Taylor’s outlook reflects what fellow pastors in the Barna survey: 95 percent are confident that their church will endure the pandemic and nearly all say it will not diminish their congregants’ faith, with 42 percent saying it is growing stronger as a result.
Erik Koliser, who pastors the West Campus of Center Point Church in Lexington, Kentucky, brought up the challenge of meeting the “large-scale needs of my church and community,” but said that things have gone better than he expected. “I have to admit I’m quite proud of my church with this so far,” he said on Monday.

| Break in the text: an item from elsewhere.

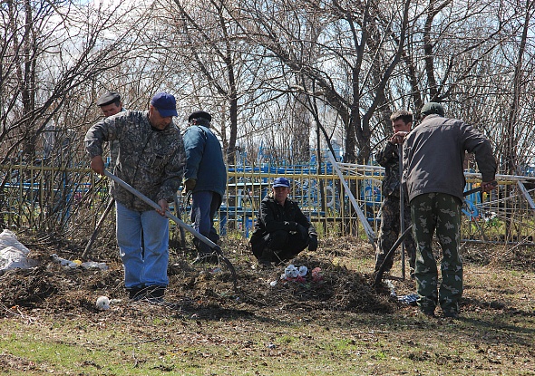 В селе Карамышево вот уже несколько лет подряд ветераны, пенсионеры собираются накануне родительского дня и наводят порядок на кладбище.

Kinnaman at Barna said that without the weekly in-person church gathering, many pastors have had realized how much they counted on seeing people in the pews as a sign of the health of the congregation. “One of the long-lasting impacts of this crisis is that leaders will have to use better tools to stay connected with their people,” he said.
Ed Stetzer, director of the Billy Graham Center, saw similar challenges as more than 1,500 pastors responded to a recent survey around church life amid the COVID-19 outbreak.
“While pastors might have been looking for information or encouragement in the early days of the epidemic, their overwhelming request is for practical advice,” Stetzer wrote on his CT blog, the Exchange. More than half of pastors specifically were looking for resources around ministry outside of Sunday services and traditional face-to-face outreach.